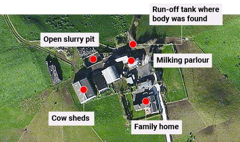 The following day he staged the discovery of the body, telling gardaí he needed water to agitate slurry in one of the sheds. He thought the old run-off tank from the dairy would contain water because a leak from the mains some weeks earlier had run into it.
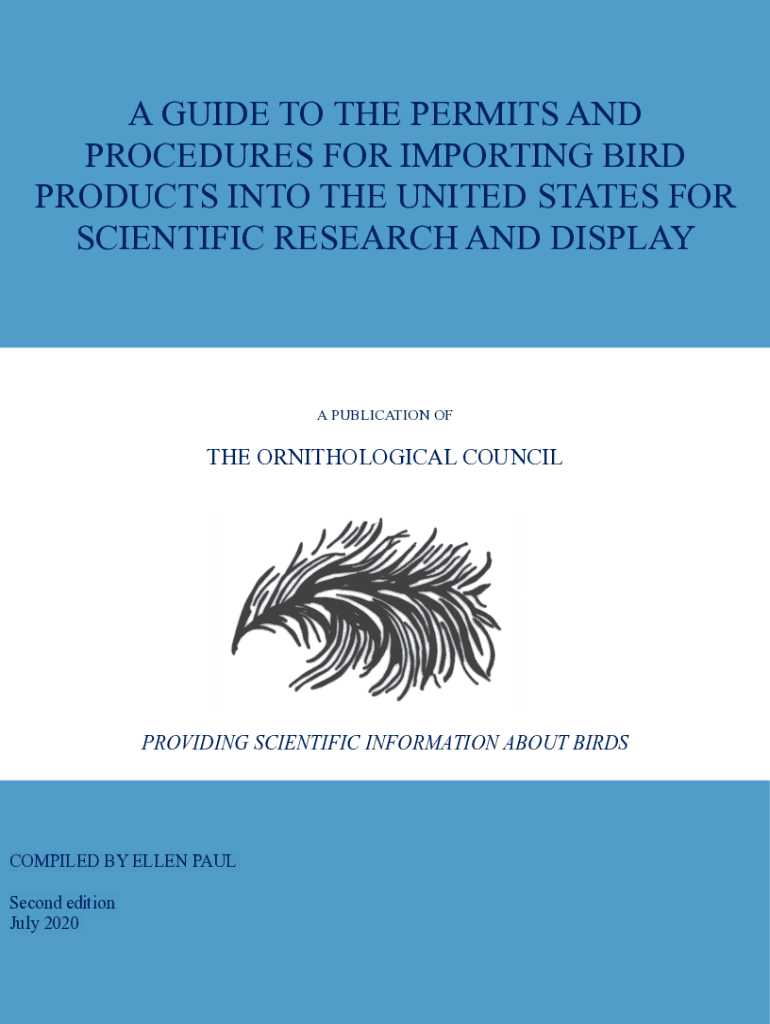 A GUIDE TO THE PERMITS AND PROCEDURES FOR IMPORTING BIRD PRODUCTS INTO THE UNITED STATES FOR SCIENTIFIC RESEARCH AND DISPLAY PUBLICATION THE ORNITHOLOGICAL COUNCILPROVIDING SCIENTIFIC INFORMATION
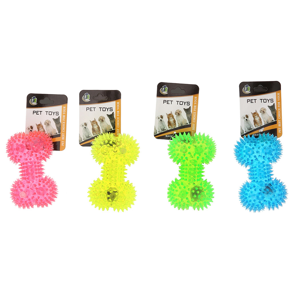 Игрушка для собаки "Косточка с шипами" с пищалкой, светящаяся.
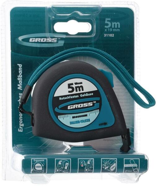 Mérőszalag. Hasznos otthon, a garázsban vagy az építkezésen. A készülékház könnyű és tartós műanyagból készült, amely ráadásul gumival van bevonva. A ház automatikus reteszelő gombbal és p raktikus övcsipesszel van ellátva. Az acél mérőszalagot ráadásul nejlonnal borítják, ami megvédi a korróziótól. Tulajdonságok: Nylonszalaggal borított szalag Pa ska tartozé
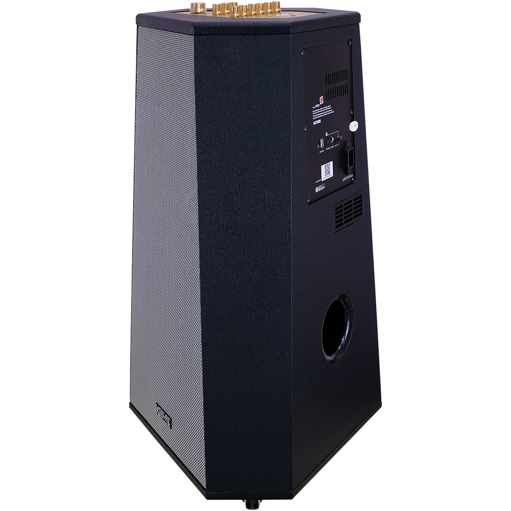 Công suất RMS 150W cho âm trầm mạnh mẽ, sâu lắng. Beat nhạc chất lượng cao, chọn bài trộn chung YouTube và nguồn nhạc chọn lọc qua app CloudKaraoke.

_____

**Your objective:** Leaving every picture out, write out exactly the lines from the one that holds "Игрушка для собаки" through the end of the listing, both included.

**Finished exercise:**
 Игрушка для собаки "Косточка с шипами" с пищалкой, светящаяся.
 Mérőszalag. Hasznos otthon, a garázsban vagy az építkezésen. A készülékház könnyű és tartós műanyagból készült, amely ráadásul gumival van bevonva. A ház automatikus reteszelő gombbal és p raktikus övcsipesszel van ellátva. Az acél mérőszalagot ráadásul nejlonnal borítják, ami megvédi a korróziótól. Tulajdonságok: Nylonszalaggal borított szalag Pa ska tartozé
 Công suất RMS 150W cho âm trầm mạnh mẽ, sâu lắng. Beat nhạc chất lượng cao, chọn bài trộn chung YouTube và nguồn nhạc chọn lọc qua app CloudKaraoke.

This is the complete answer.